MECEと構造化のススメ

2015.06.11

経営・マネジメント

MECEと構造化のススメ

野町 直弘
調達購買コンサルタント

ロジカルシンキングの中でもMECEと構造化は業務にとても役に立つというお話です。

研修でもよくこういう話をしますが、お客様(クライアント)のコスト削減をお手伝いするようなコンサルティングプロジェクトをスタートする際にクライアントからよく聞かれることがあります。
「コンサルティング会社に手伝ってもらうと、何かコスト削減の為のいいアイディアが
出てくるのですか」と。そのような場合には「そんな打ち出の小槌みたいなものはありません」とお答えします。この場合はコスト削減の手法やアイディアなのですが、一つけ心がけていることは、我々はこの様な手法を幅広く体系的に捉え、ヌケモレがないか、という見方をするのです。

これは非常に効果的な方法です。具体的には約60弱のコスト削減手法体系にまとめられるのですが、この体系を目の前にして今回の案件にあてはまるかどうか、という視点で検討を進めてきます。いわゆるチェックリスト法とも言われるブレインストーミング手法になります。

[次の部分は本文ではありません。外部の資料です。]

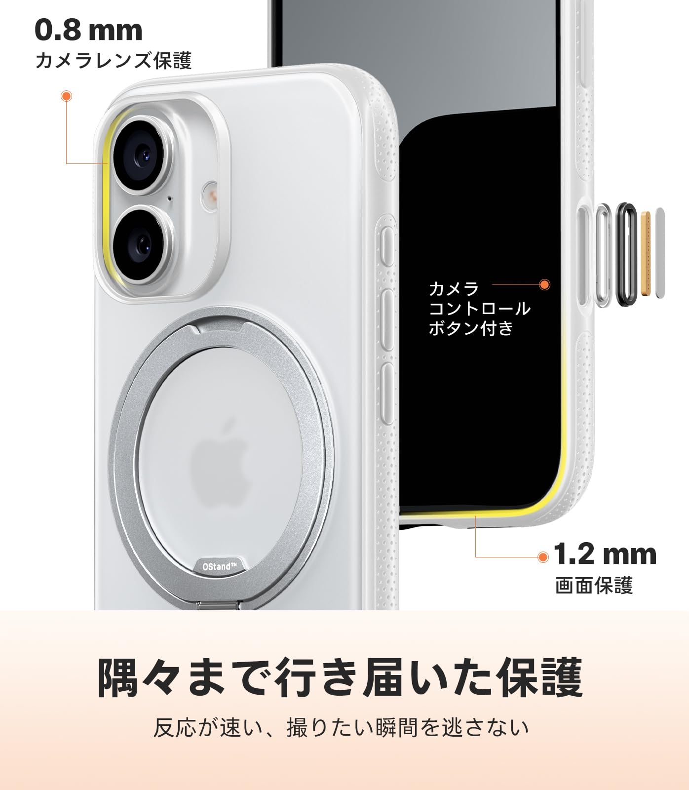 TORRAS iPhone 17 用ケース 【カチカチ・多機能360度回転スタンド】リング Ostand O3 Fitness MagSafe対応 米軍MIL規格耐衝撃 スタンド 指紋防止 黄変防止 カメラコントロールボタン付き ストラップホール 半透明 撮影/動画視聴/日常の記録 手のひらサイズの映像革命 ホワイト
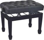 Elegantti ja todella tyylikäs pianopenkki, jonka istumakorkeus on säädettävissä tarkasti ja helposti. Portaattomasti säädettävän korkeuden ansiosta penkki on ihanteellinen myös oppilaitoskäyttöön. Korkeakiiltoinen musta viimeistely ja niiteillä koristeltu musta keinonahkaverhoilu antavat tuolille elegantin ulkonäön. Säätöjalkojen ansiosta tuoli pysyy tukevasti paikallaan myös hieman epätasaisemmilla alustoilla.
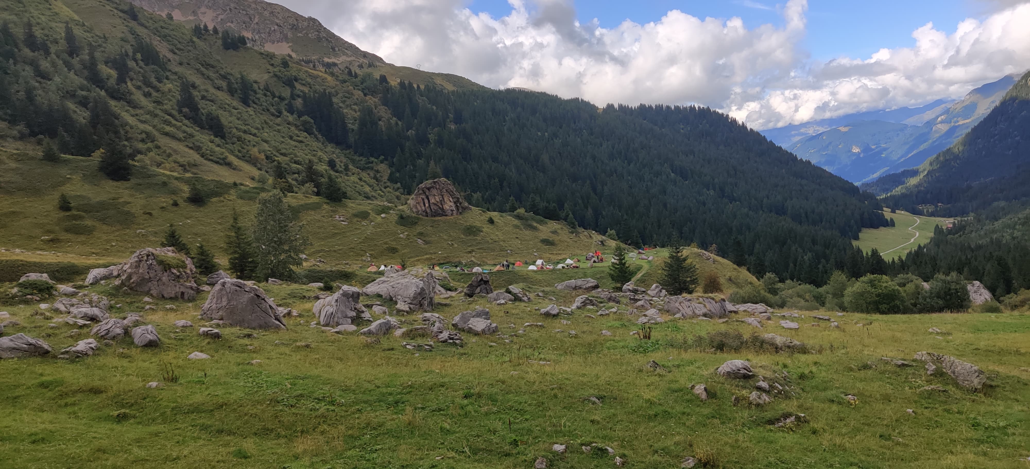 While waiting, I met a runner competing in the 400 km race of SwissPeaks. He was also stuck, waiting for the race to resume, so we had a really nice chat. By the time the storm moved on, it was about 10 p.m., and I went to pitch my tent at the small camping area next to the restaurant. I fell asleep to the sound of cowbells from a nearby herd, with the occasional flash of headlamps from runners competing in SwissPeaks making their way through the night.

この思考法はコンサルタントがよくやる思考法です。ここで重要なのは、コスト削減手法がモレなくダブリなく体系化されているか、ということです。モレなくダブリなく全体像を把握できていないとアイディアを出せない恐れもあります。

このようなモレなくダブリなく全体像を把握することをMECE(ミーシー)と言い、ロジカルシンキングの一つの基本的な手法です。MECEとはMutually Exclusive, Collectively Exhaustiveの頭文字を取ったもので、モレなくダブリなく、という意味になります。
たとえば、自社の顧客構成を考えた場合、顧客を「20代」「30代」と年齢別に分けていく、「男性」「女性」といった切り口で分類することで考えるなどで、重要な要素のヌケモレを防ぐことができ、より正しい答えに行き着く可能性が高まるということを目的とした思考法です。
MECEであるかどうかを考えることを特にコンサルタントは常に強いられます。多くのコンサルタントはクライアントよりも経験が浅い場合が多いので、数少ない経験を元にモレやダブリなく体系化し全体像を捉えることで、経験の浅さをカバーせざるを得ないからです。
MECEであるかどうかを考えることは必ずしも難しいことではありません。それではどのように進めていけばよいでしょうか。まずは考えられる選択肢をとにかく数多く出すことから始まります。そして次はそれを分類します。例えば先ほど例に上げたコスト削減手法ですが約60弱あると申し上げましたが、大きく分類すると「安くする」「安いところから買う」「安いモノを買う」「買わない」の4つに分けられます。
同様に調達人材に必要なスキルを上げていくと、どの企業もだいたい60~100位のスキルが上げられますが、これも分類すると「購買品目知識」「購買共通スキル」
「ファンダメンタルスキル」の3つにだいたい層別できます。
この分類するということで、この3つや4つのカテゴリで大きなヌケモレやダブリがないかを次にチェックします。そしてこの分類に大きなヌケモレダブリがなければ次は
中分類を考えます。そしてまた、中分類のヌケモレダブリがないかを検討します。
最後に中分類毎に最初に抽出した選択肢を分類し、ヌケモレがないかを再検討します。
これらの手順を何度か繰り返しながらMECEな体系を考えることができます。
ここでご説明した手順の通りMECEな体系づくりと全体像の把握はそんなに難しいことではないことが分かっていただけたでしょう。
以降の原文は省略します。